Next, we experimentally examined the operable highest clock frequency. Using the top five strategies that performed well on each architecture with Vivado 2021 in Figure 11, SOMs with two architectures were implemented on the FPGA, and operable clock frequencies were measured. Table 2 summarizes the operating clock frequencies and slice usages of the two SOM architectures. The larger the WNS, the higher the operating clock frequency becomes, which improves the operating speed. In terms of the circuit size, a smaller number of slices is desired. The better results using the same strategy are highlighted in bold.
Figure 12 shows the neuron maps after training with different clock frequencies, as well as the maps generated by the software and VHDL simulations. The neuron map is a set of visualized weight vectors that were read out from the FPGA. Until the clock frequency reached 81 MHz, the generated maps and quantization errors were the same as those that the VHDL simulation generated, and a different map was generated at 82 MHz clock frequency. The diversity of the maps in the figure is likely due to calculation errors in the SOM circuit. Each computation circuit completes its calculation with a certain delay. Therefore, this delay must be less than the period of the clock signal. Otherwise, incorrect and incomplete calculation results will be output.
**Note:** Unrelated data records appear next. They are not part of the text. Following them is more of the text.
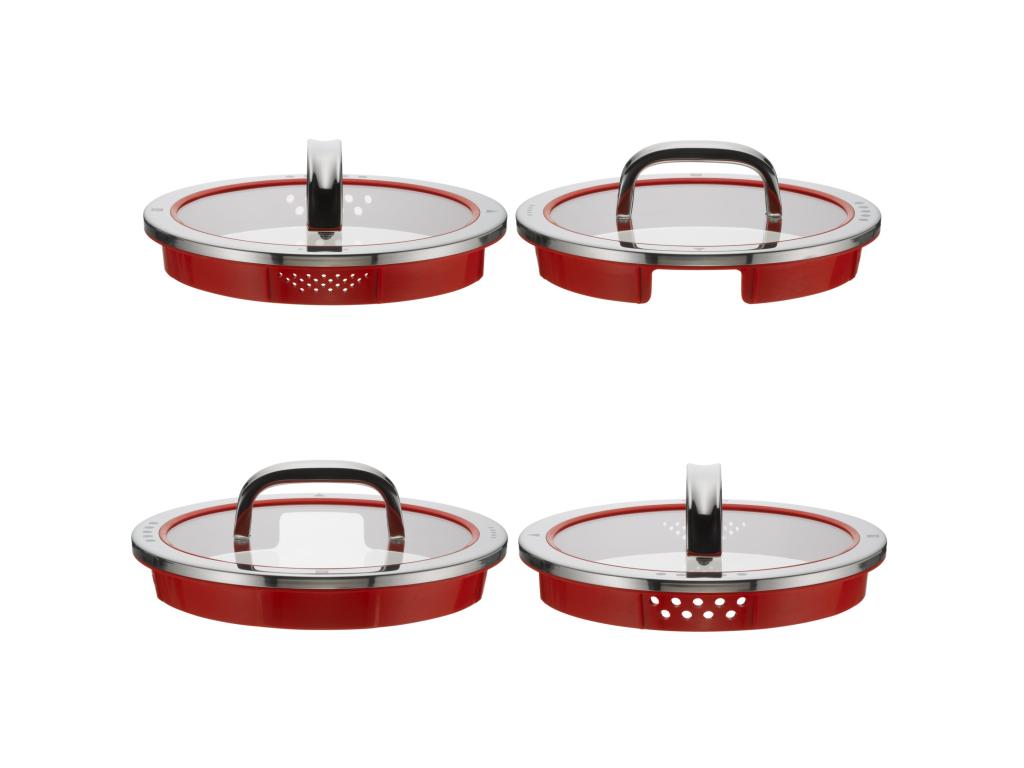 The designers at NOA Design have equipped the Function pots with 4 unique lids. These sturdy glass lids with stainless steel handles have a large enough viewing window for easy inspection of the contents of the pots - plus a silicone ring for shock absorption. They have the added value of a controlled pouring function without the use of a colander, which saves time as well as dishes. The symbols marked on the top of the lid indicate how to position the lid for cooking with small amounts of water, for pouring potatoes, pasta, rice or for quick pouring of the contents.
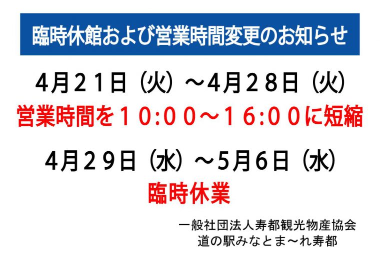 この度の新型コロナウイルス感染拡大による緊急事態宣言発令に伴い、道の駅みなとま~れ寿都では下記の期間、臨時休館および営業時間の短縮を実施いたします。
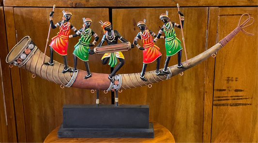 Handcrafted 05 Figures Adivasi Dance on Trumpet Steel Table Decor Sculpture

For the 82 MHz clock, this timing violation appears to have occurred in the winner search circuit since the 82 MHz map is different from the 81 MHz map. Since the 83 MHz and 82 MHz maps are different, it is thought that the output results of the winner search circuit became unstable in this frequency range. Meanwhile, the vector update circuit seems to have worked correctly because the clear clustering can be observed in the map. Finally, the map collapsed at 88 MHz clock, as shown in Figure 12F because the weight update circuit apparently failed to work. The map obtained with an 82 MHz clock shows the topology-preserving nature of the SOM, and its quantization error (QE) is the same level as that of the 81 MHz map, so the SOM appears to be operating at a clock frequency above 82 MHz. Hence, we need a criterion to determine the highest operable clock frequency. Here, the operating frequency was taken as the highest frequency that produced the same map as the VHDL simulation. Therefore, 81 MHz is the highest operable clock frequency in this case.
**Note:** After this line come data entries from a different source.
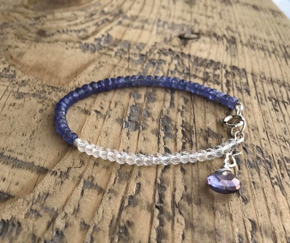 Tanzanite, White Topaz, Rainbow Blue Quartz Bracelet-Sterling Silver- energy Healing Jewelry- Boho- December Birthstone-Stacking 3.5-4 mm Code- WAR6796
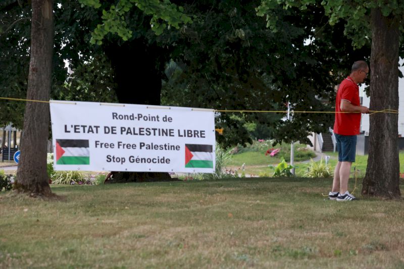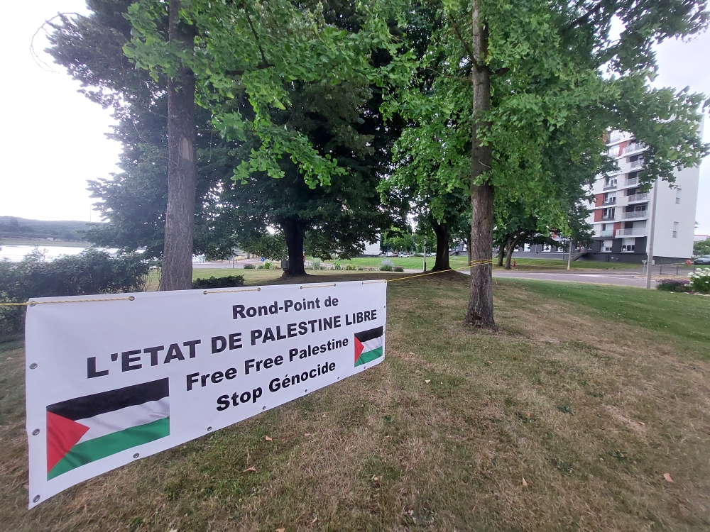 Une fois la manifestation terminée, quelques-uns se sont rendus au rond-point du Plessis pour y installer une banderole et le rebaptiser « Rond-point de l’État de Palestine libre« . Tout un symbole.
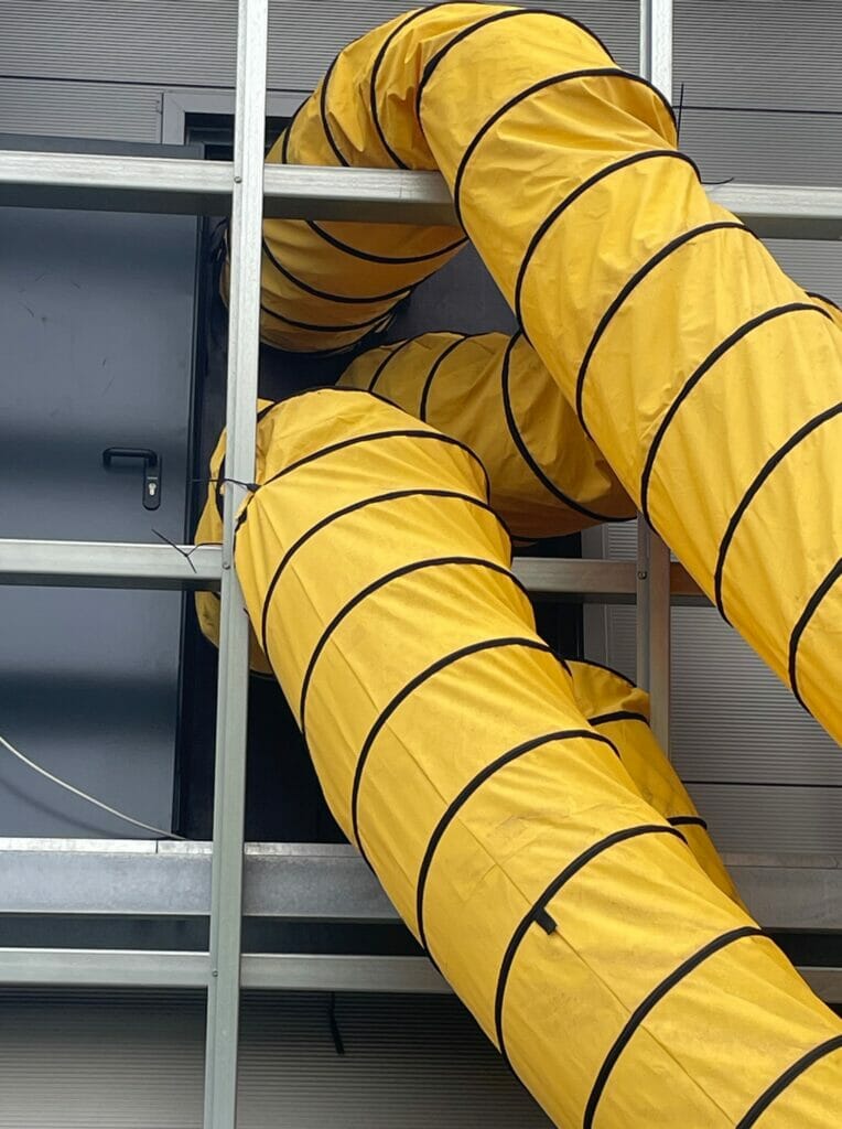 Ist ein stationäres Kaltwassernetz vorhanden, lassen sich Air Handler bzw. mobile Luftkühler auch an dieses anschließen. Möglich ist das mit flexiblen Schläuchen, die zentral heruntergekühltes Wasser zu den mobilen Lüftungsgeräten leiten.
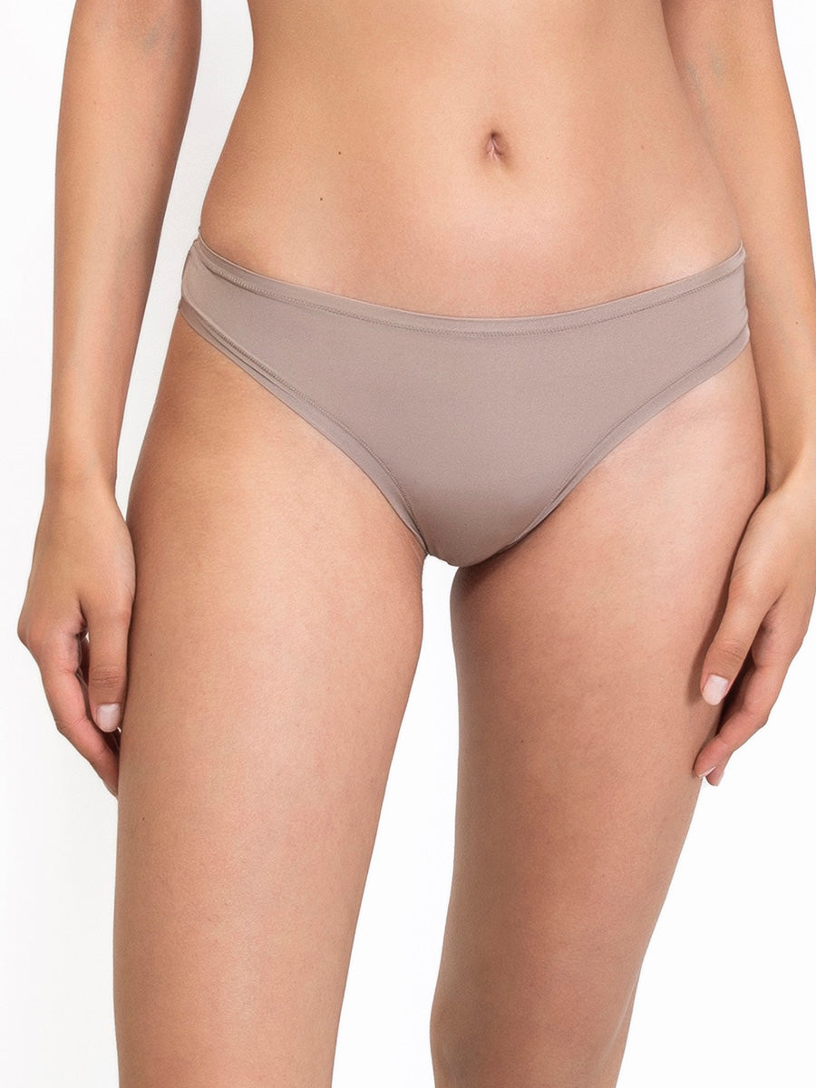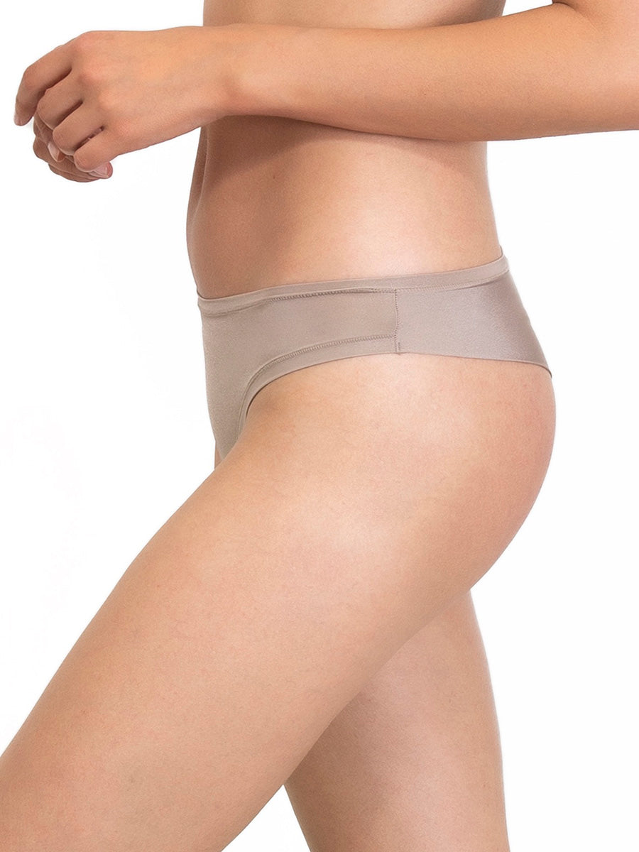 Brasiliana realizzata in morbidissima microfibra semilucida. Il retro è doppiato per evitare inestetiche cuciture sui bordi. Modello con cuciture invisibili.

To further demonstrate the impact of the nested architecture, we implemented the nested and flat architecture SOMs on different FPGAs and compared the implementation results. The design tool processed the implementations for Virtex7, Virtex ultrascale, Kintex, Kintex ultrascale, and Zynq ultrascale FPGAs with the same constraints as the previous experiment. For synthesis and implementation strategies, Flow_PerfOptimized_high and Performance explore were used, respectively.
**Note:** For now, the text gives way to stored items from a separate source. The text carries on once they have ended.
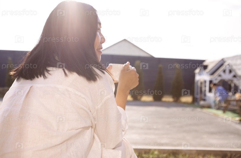 Азиатская мама держит чашку и пьет чай на заднем дворе дома
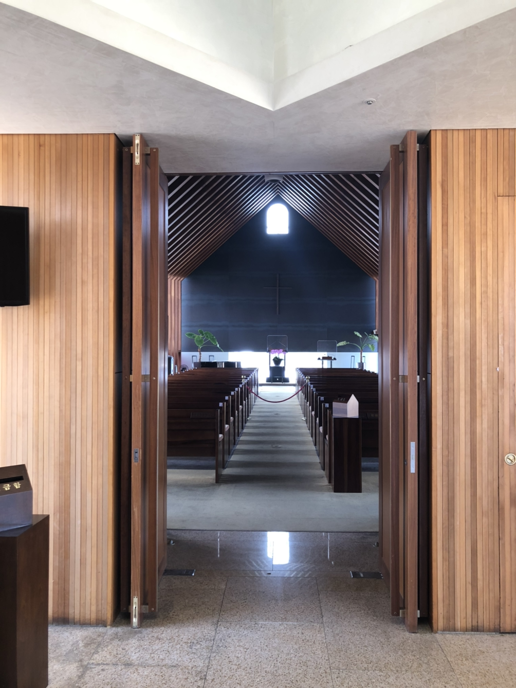 재일교포 건축가 이타미 준이 설계한 교회다. 노아의 방주를 콘셉으로 물 위에 떠있는 배 같은 형상을 하고 있다. 내부에 들어가 의자에 앉으면 마치 배에 앉아있는 듯한 착각이 든다. 콘셉이 형식과 형태를 결정한다는 디자인 방법론의 결정체다. 콘셉이 확고하면, 나머지는 그에 따르면 된다.
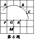 如图,正方形网格中,一条圆弧经过A,B,C三点,那么这条圆弧所在圆的圆心是![]()
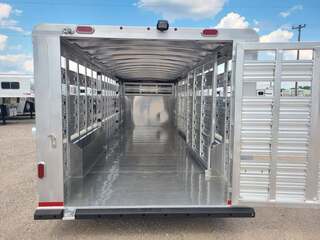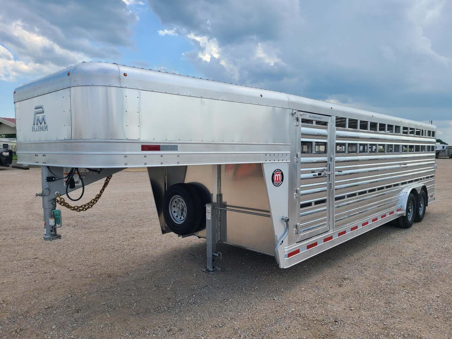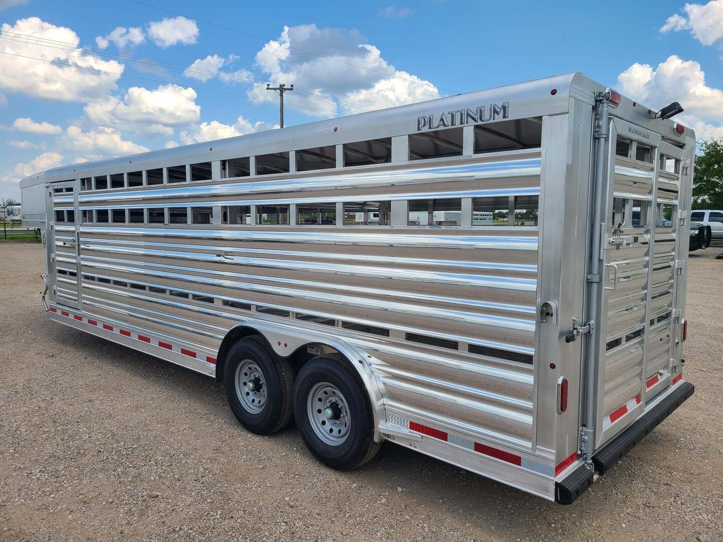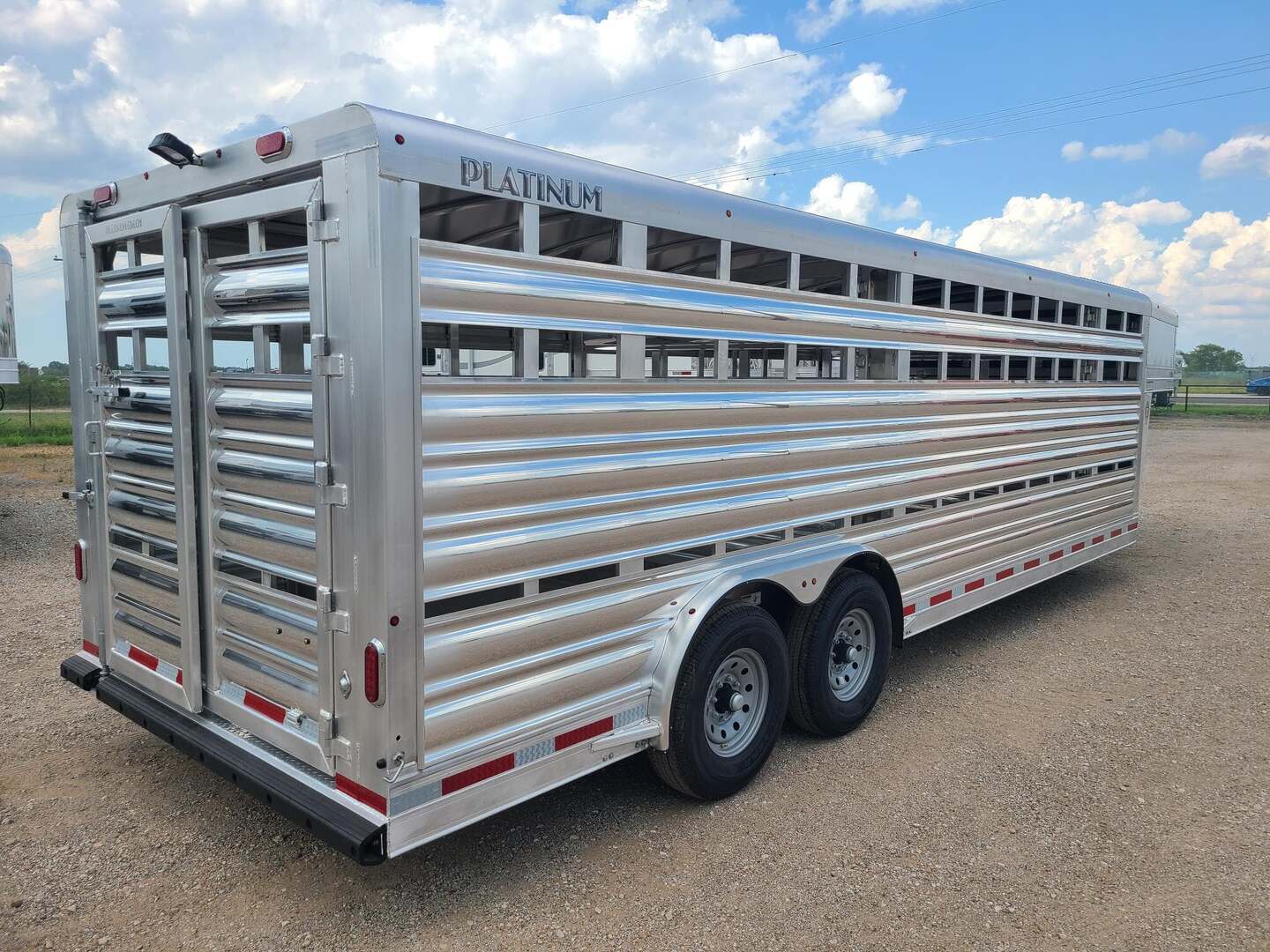 THIS TRAILER IS ON ORDER AND WILL ARRIVE IN JANUARY Platinum Coach 24’ Stock Trailer....7 TALL!! 8 x 24 x 7’ tall Mill Finish exterior skin 7000# axles with 10 ply tires & spare Two cut gates, 48” front, 120” middle, 120” back Slider on rear gate 36” stock escape door 2” air crack down low 7 lights on top rail One LED light per section LED load light at rear Mill Finish Exterior Skin 50” drop height, for more clearance at truck

Table 3 summarizes the results, including WNS estimation, a lookup table (LUT), Elapsed time, and Total on-chip power estimation. For the hardware size estimation, we used the number of LUTs for the designs because some of the FPGAs are configured using a configurable logic block (CLB) instead of the Slice. Both the Slice and CLB contain the LUTs for the logic implementation. The Elapsed time is the amount of time for the tool to complete the implementation. We used a PC with an i9-12900K processor running at 3.19 GHz clock frequency. Same as the other tables, the better results are highlighted in bold. As this table shows, the nested architecture provided a smaller and faster design implementation with smaller power consumption while it required the tool to have a longer processing time.

6. Discussion

As Table 2 indicates, the nested architecture resulted in a smaller and better performing SOM in all cases, even though flat architecture-friendly strategies were used. The highest clock frequency in Table 2 is 81 MHz. The operating clock frequency of the previous research [10] was 60 MHz, but the frequency has been improved by 20 MHz. This is thought to be due to improved pipeline processing. Embedded counter counted 12,617,184 clocks during the learning. Therefore, the training time can be calculated as 0.1558 s with 81 MHz clock frequency. The total number of vector element updates during the training was 3.2113 × 10 9 , which translates to 21.6117 × 10 9 vector elements were updated in one second. Since the connection update is equivalent to the vector elements update in the SOM, the 81 MHz clock frequency resulted in a learning rate of 21.61 giga connection updates per second (GCUPS).
Regarding the quantization error, the SOM implemented in the FPGA had the same quantization error at 10 MHz, but the error decreased at about 80 MHz. Since this phenomenon occurred in the higher frequency region, it is thought that small calculation errors within the circuit caused the reduction of the quantization error, as discussed before. As shown in Figure 12A shows, the quantization error of software SOM is much smaller than that of hardware SOMs implemented on the FPGA. This is because the software SOM used floating-point calculations and a traditional Gaussian neighborhood function, while all variables in the hardware SOMs are integers.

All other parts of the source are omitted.